The cultivars 'Pragense' and 'Eskimo', of mixed or uncertain parentage, have won the Royal Horticultural Society's Award of Garden Merit.

===Other uses===
In prehistory, the long, straight shoots of some viburnums were used for arrow-shafts, as those found with Ötzi the Iceman.

The fruit of some species (e.g., V. lentago) is edible and can be eaten either raw or for making jam. In contrast, other species (e.g., V. opulus) are mildly toxic and can cause vomiting if eaten in quantity.

The bark of some species is used in herbal medicine, as an antispasmodic and to treat asthma.

===Cultural references===
In Ukraine, Viburnum opulus is an essential element of traditional folk culture, and Viburnum opulus (kalyna) is seen as a national symbol and emblem for both the Koliada festivities, as well as representing young girls' love and tenderness. It is a key element of Ukrainian traditional wreaths. Many folk songs are dedicated to the kalyna, as well as a very popular song "Oi u Luzi Chervona Kalina".

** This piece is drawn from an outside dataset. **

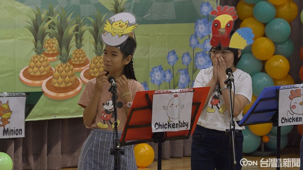 學生在舞台上表演英語劇場,不但看得到彼此表情,也能更了解在說什麼,中央宣佈即日起放寬戴口罩限制,室外不用戴口罩,校園則區分室內外,室外解禁,室內上課仍需全程配戴口罩。

The Lithuanian name for the genus Viburnum is "Putinas". This was the pen name of Lithuanian poet and writer Vincas Mykolaitis. In 2000, the Lithuanian liquor company Alita released a vodka named Putin Vodka, with a red, white, and blue label, which are the colours of the Russian flag. Sold only in Lithuania at that time, a company spokesperson said that the name had its origin in the tree "putinas", after speculation arose that it was named after Russian president Vladimir Putin.